Raw sequencing data were subjected to quality and adapter trimming using the bbduk.sh command available in BBTools (https://jgi.doe.gov/data-and-tools/bbtools/) with the following parameters: qtrim = r; trimq = 20; ktrim = r; k = 23; mink = 11; tpe; tbo; hdist = 1; and minlen = 200. After merging of overlapping paired-end reads using MeFiT software with default parameters, sequences with less than 400 bp were filtered [43]. The remaining sequences were subjected to de novo unoise clustering at 97% sequence identity threshold by running the micca otu command in Micca software (version 1.7.2) to obtain operational taxonomic unit (OTU) sequences [44]. Taxonomic classification of each representative OTU sequence was performed using the Bayesian LCA-based taxonomic classification method against the NCBI RefSeq 16S rRNA database [45], where the acceptance of a taxonomic assignment at each level was based on a minimum confidence score of 80. The OTU table and the taxonomic information are available in Additional file 4: Table S4.
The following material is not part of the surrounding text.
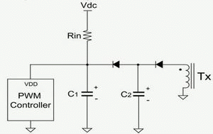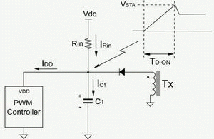 起動電路損耗在電源轉(zhuǎn)換器空載待機(jī)損耗中占很高的比例,此處我們介紹一種起動速度快且損耗低的起動電路。圖6(a)為傳統(tǒng)起動電路,其中VSTA是脈寬調(diào)制控制器起始臨界電壓,TD_ON是啟動延遲時間,TD_ON=(C1×VSTA)/IC1。使用較大輸入電阻(Rin)可以有效降低電阻損耗,但啟動延遲時間會延長。因此建議采用圖6(b)電路,其中C1電容較小,這樣在用大輸入電阻時能夠降低起動電路的損耗,同時仍然擁有較快起動速度。較大的C2電容可提供穩(wěn)定的電壓給控制器使用,不會增加起動延遲時間。

Alpha and beta diversities were estimated using microbiomeSeq R package (https://github.com/umerijaz/microbiomeSeq) and QIIME v1.9.1 [46]. Following rarefaction at the sequence depth level of 1722, alpha diversity was analyzed on the basis of OTU richness and Shannon index metrics, and compared between groups using one-way analysis of variance (ANOVA) with Tukey's Honestly Significant Difference (HSD) post-hoc test. For analysis of beta diversity, principal coordinates analysis (PCoA) was performed at the OTU level using the weighted UniFrac measure and the statistical significance of the distance matrix was tested using permutational multivariate analysis of variance (PERMANOVA). Pairwise differences in beta diversity between GIT segments were calculated using beta-group-significance command implemented in QIIME2 v2021.11 [47]. For a variable to be considered having a significant influence on differences between groups in microbiota composition, a minimum R2 value of 0.25 and a p value less than 0.05 were both needed.
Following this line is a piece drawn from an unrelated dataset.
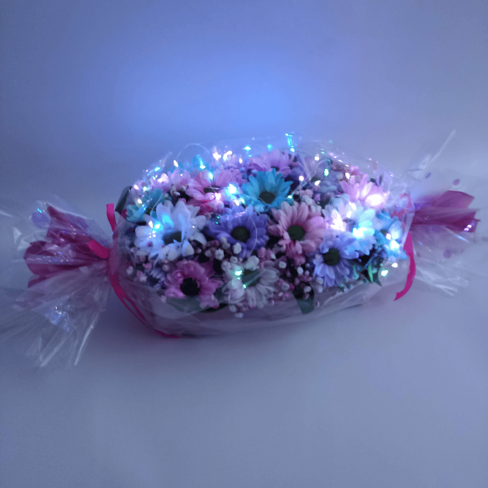 Сказочный букет из свежих хризантем и гипсофилы, в виде сладкой конфеты, украшен светодиодной гирляндой. Цветочки подсвечиваются волшебным светом, создавая атмосферу праздника и радости. Эта композ...

Differentially abundant taxa between groups

To identify bacterial phyla and genera that differed significantly among GIT segments, and between the high and low FEC groups within GIT segment, the analysis of composition of microbiomes (ANCOM) procedure [48] was performed on the raw abundance data using the ANCOM v2.1 R script (https://github.com/FrederickHuangLin/ANCOM). Bacterial taxa present in less than 15% of samples were excluded from the analysis. We adjusted the GIT segment comparisons for FEC level. The p values were adjusted using the Benjamini–Hochberg procedure at the significance level of 0.05. Bacterial taxa with significant associations were declared by using ANCOM’s W-statistic with a threshold of 0.7 (Additional file 5: Table S5). For each bacteria that differed significantly between GIT segments, further pairwise comparison were performed based on centered log-ratio (CLR)-transformed abundance data using Wilcoxon signed rank test with p values adjusted using the Benjamini–Hochberg method. The results are available in Additional file 7: Table S7.